A natural step would be to create audience listings of users who have taken this step on the back of being initially engaged through short-form content, potentially giving advertisers another method of re-engaging with these users further down the funnel.

 

5. Brand guidelines
Google will soon be releasing a feature for advertisers to input brand fonts, colours and tones into their ad accounts, which will be factored into all AI asset creatives.

This is a big advantage for advertisers who have perhaps been sceptical of the brand safety side of AI assets up to now.
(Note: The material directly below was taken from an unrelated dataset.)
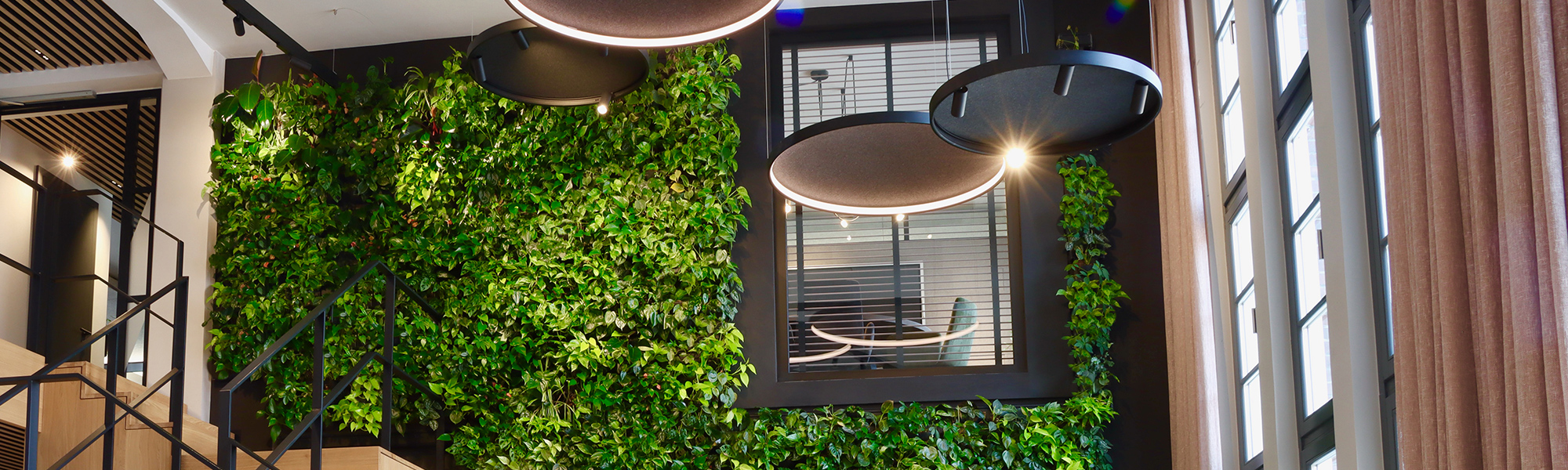 The visual highlight of the lounge area is the plant wall. “We were delighted to be part of this unique project. The integration of plants in the design is something special. We chose the plant wall in the lounge area for its attractive appearance, but also for its positive impact on room acoustics and indoor air quality. The space is open, allowing the fresh air to circulate throughout the building,” says Max Gregg of Gärtner Gregg, who was responsible for the project’s execution. Click here to read more about this project.

This feature will help to ensure that AI generated assets not only tick all necessary brand boxes, but flow seamlessly into the on-site experience that a user can expect.

Brand safety is always a key consideration for advertisers, as well as KINESSO UK&I, and has always high on the agenda within discussions around “automation”. To see further focus in this area was pleasing and should help to encourage advertisers to lean into the new AI creative processes above.

 

Final Thoughts
Overall, GML delivered on the expectation of giving a peek at the future of AI within Google ad platforms, with some exciting innovations to come which we’re eager to put to the test. The event also served as a reminder that, while the advancements in AI have been moving at incredible speed and will continue to do so, it is still not a marketer in it’s own right.

Google Ads VP & General Manager, Vidhya Srinivasan, summed this up well within the keynote, stating: “AI doesn’t have taste, it doesn’t have ingenuity, and then when it comes to advertising, it just does not have [a marketer’s] creativity, strategic insights and expertise... But AI can help, and will help.”

“AI doesn’t have taste, it doesn’t have ingenuity, and then when it comes to advertising, it just does not have [a marketer’s] creativity, strategic insights and expertise... But AI can help, and will help.”